To make meaning work we need the following innovations:
1. Human-friendly identification of meaning. Information, which usually represented as plain text, should be precisely identified (and refer to real world things or abstract conceptions). This would exclude ambiguities of natural language.
2. Human-friendly defining of relations. Meaning without appropriately defined relations may be incorrect. For example, "a hammer is at the second shelf in the left box" may mean that the given shelf is inside the box or this box is at the given shelf.
3. Semantics usage inside hypertext, which makes it (with identification and relations) human-friendly. And this is, in fact, simplified Semantic Web.
4. Semantic wrapping. All information elements (files, graphical controls, web page elements, etc) do not have meaning by themselves. Usually it is attributed by human mind. However, to order information efficiently, we need meaning directly linked with these elements.
5. Notion of textlet, which may (a) be requested with questions in a human-friendly form, which is quite close to natural language, and (b) responds with answers with the same form.
6. Context is needed to make meaning area more narrow or wider. For example, a context of tools may narrow to one of hammers, but also we may extend a context of hammers to one of tools.
7. Semantic line interface (SLI) may combine features of command line (CLI) and graphical interface (GUI). CLI features may include top level access to any identifier and an order of identifiers which is similar to natural language one. GUI features may include convenient information representation in checkboxes, lists, etc.
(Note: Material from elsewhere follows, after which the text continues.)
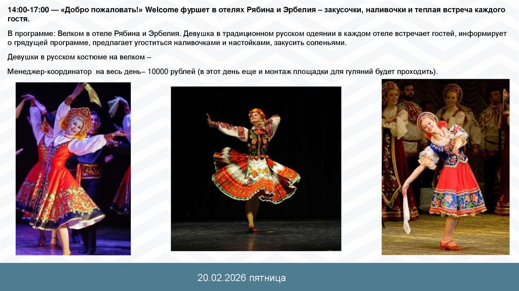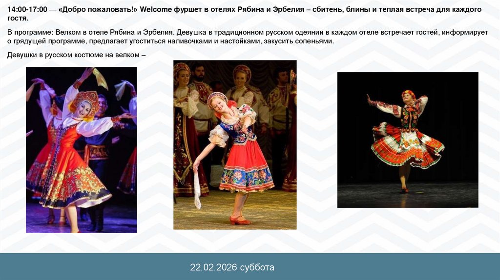 В программе: Велком в отеле Рябина и Эрбелия. Девушка в традиционном русском одеянии в каждом отеле встречает гостей, информирует
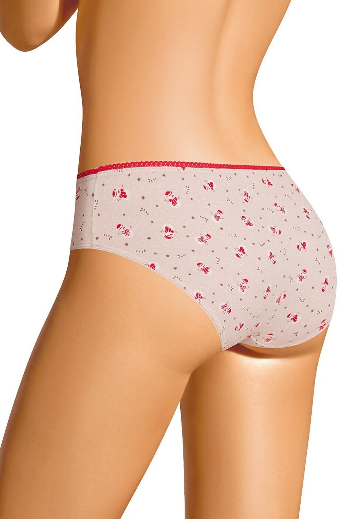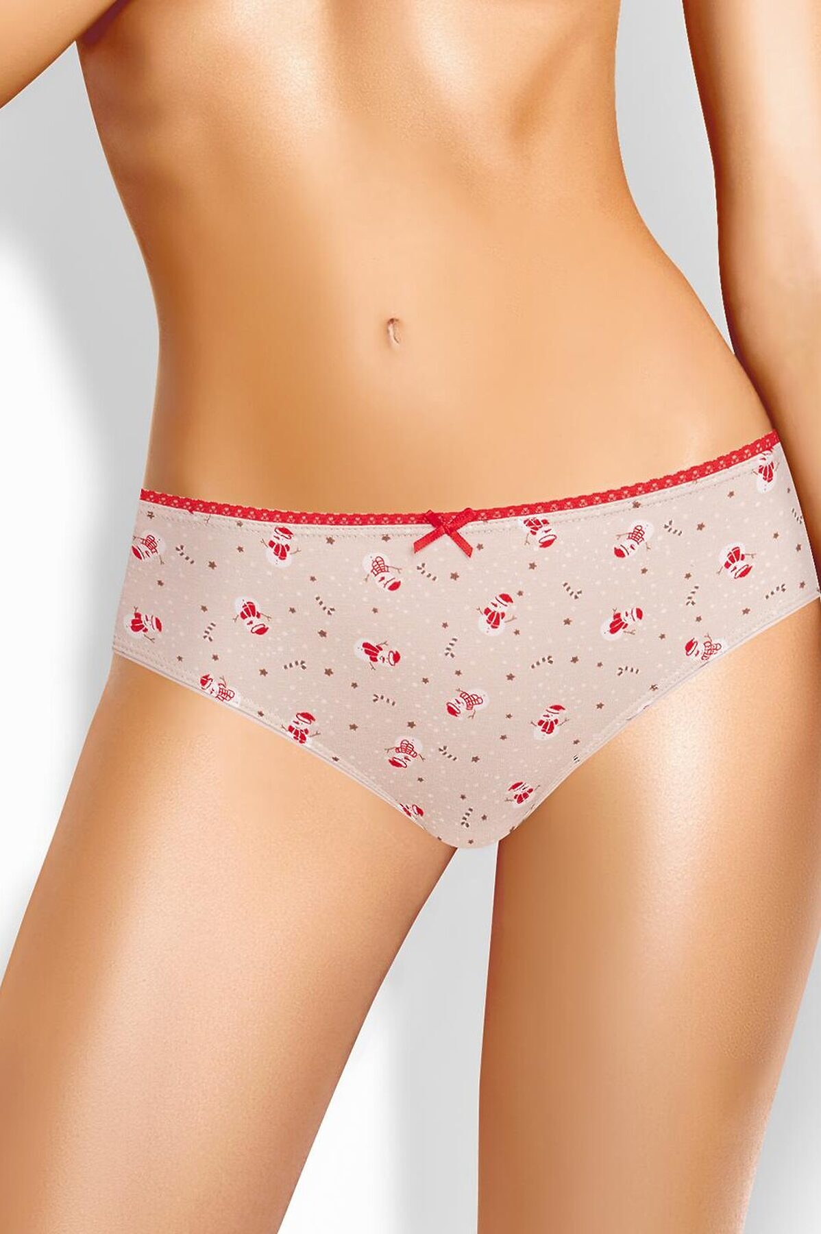 Трусы бикини женские из эластичного хлопкового полотна. Обработка краев по талии - ажурная резинка, по ноге - полуокантовка. По переду атласный бант.

Such approach is more appropriate for several conceptions, which may work more efficiently under new circumstances. Thus, voice control may be more efficient coupled with SLI, which is more similar to natural language. Augmented reality and image recognition may use direct references to real things, which would be accessed by users easier. But what matters even more is this approach is a part of broader semantic ecosystem, which embraces not only interface and its elements, but also other parts of OS, Web, etc. This, in own turn, means that an ordinary user may access even to programming interfaces (semantically wrapped and represented as textlets).
More details you may find in Future of operating system and Web: Q&A
The example of SLI you may find below: how to set up timeout for monitor turning off? Almost any function is hidden in hierarchy of menu/dialog/tab calls, which makes their calls are not very intuitive.
Instead of that we may use SLI, which would provide top-level access for any function and combines certain features of both CLI and GUI. Thus, you can start typing "turn off" and SLI would hint which identifiers are available (possibly, restricted by some context). After "turn off monitor" function found, SLI would display the corresponding control.